Aim of the exercise> Write the following entries out again exactly, skipping each image.

Provided information>
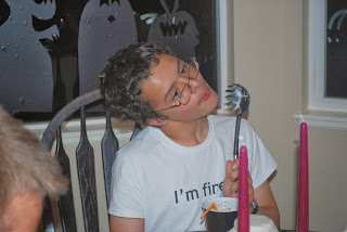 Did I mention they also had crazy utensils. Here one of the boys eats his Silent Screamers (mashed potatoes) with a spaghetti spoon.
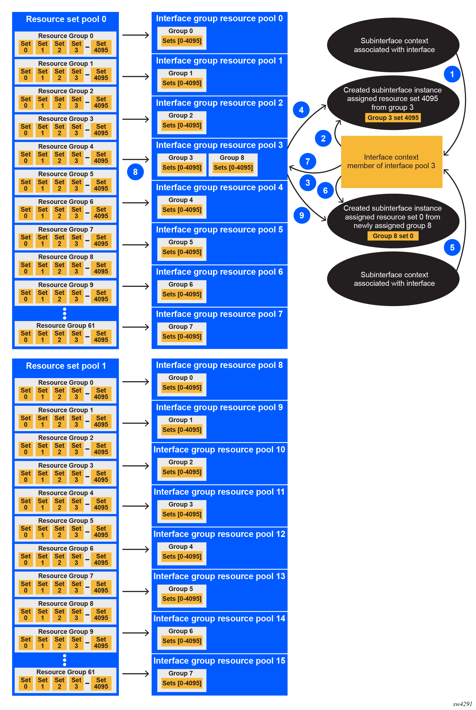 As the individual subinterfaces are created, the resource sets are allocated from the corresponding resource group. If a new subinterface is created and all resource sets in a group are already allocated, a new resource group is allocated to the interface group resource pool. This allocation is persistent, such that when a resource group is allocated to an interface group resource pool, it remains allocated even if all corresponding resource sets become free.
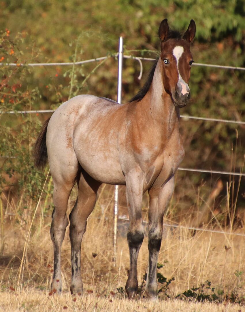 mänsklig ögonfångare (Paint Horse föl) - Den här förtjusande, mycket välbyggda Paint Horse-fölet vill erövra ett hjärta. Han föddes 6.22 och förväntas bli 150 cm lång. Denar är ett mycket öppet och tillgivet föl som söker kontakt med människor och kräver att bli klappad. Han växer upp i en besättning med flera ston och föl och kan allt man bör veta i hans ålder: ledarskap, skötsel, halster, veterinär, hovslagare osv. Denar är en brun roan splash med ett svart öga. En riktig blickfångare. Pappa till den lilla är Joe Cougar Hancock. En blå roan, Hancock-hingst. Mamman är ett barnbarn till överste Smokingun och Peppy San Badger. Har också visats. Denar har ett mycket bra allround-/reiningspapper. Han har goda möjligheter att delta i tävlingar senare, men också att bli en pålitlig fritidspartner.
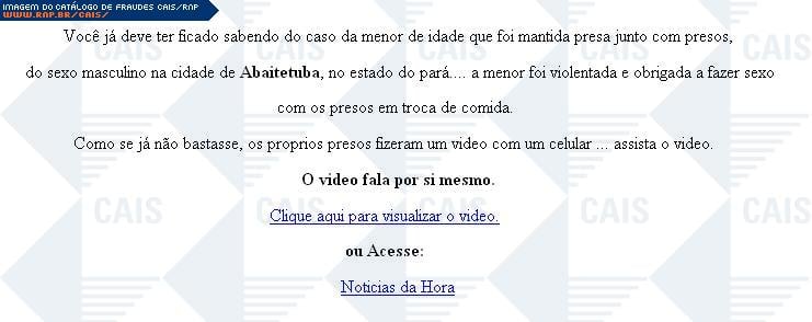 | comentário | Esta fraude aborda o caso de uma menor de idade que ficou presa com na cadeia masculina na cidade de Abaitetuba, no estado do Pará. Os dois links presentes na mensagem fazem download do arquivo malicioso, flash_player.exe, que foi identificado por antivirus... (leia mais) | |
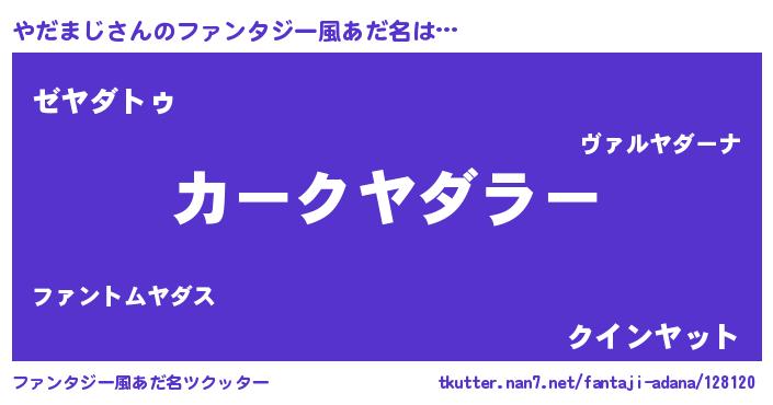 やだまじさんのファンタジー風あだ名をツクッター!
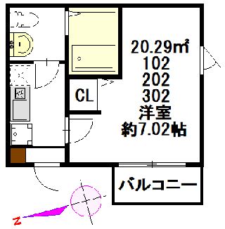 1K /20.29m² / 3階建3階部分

Answer box>
 Did I mention they also had crazy utensils. Here one of the boys eats his Silent Screamers (mashed potatoes) with a spaghetti spoon.
 As the individual subinterfaces are created, the resource sets are allocated from the corresponding resource group. If a new subinterface is created and all resource sets in a group are already allocated, a new resource group is allocated to the interface group resource pool. This allocation is persistent, such that when a resource group is allocated to an interface group resource pool, it remains allocated even if all corresponding resource sets become free.
 mänsklig ögonfångare (Paint Horse föl) - Den här förtjusande, mycket välbyggda Paint Horse-fölet vill erövra ett hjärta. Han föddes 6.22 och förväntas bli 150 cm lång. Denar är ett mycket öppet och tillgivet föl som söker kontakt med människor och kräver att bli klappad. Han växer upp i en besättning med flera ston och föl och kan allt man bör veta i hans ålder: ledarskap, skötsel, halster, veterinär, hovslagare osv. Denar är en brun roan splash med ett svart öga. En riktig blickfångare. Pappa till den lilla är Joe Cougar Hancock. En blå roan, Hancock-hingst. Mamman är ett barnbarn till överste Smokingun och Peppy San Badger. Har också visats. Denar har ett mycket bra allround-/reiningspapper. Han har goda möjligheter att delta i tävlingar senare, men också att bli en pålitlig fritidspartner.
 | comentário | Esta fraude aborda o caso de uma menor de idade que ficou presa com na cadeia masculina na cidade de Abaitetuba, no estado do Pará. Os dois links presentes na mensagem fazem download do arquivo malicioso, flash_player.exe, que foi identificado por antivirus... (leia mais) | |
 やだまじさんのファンタジー風あだ名をツクッター!
 1K /20.29m² / 3階建3階部分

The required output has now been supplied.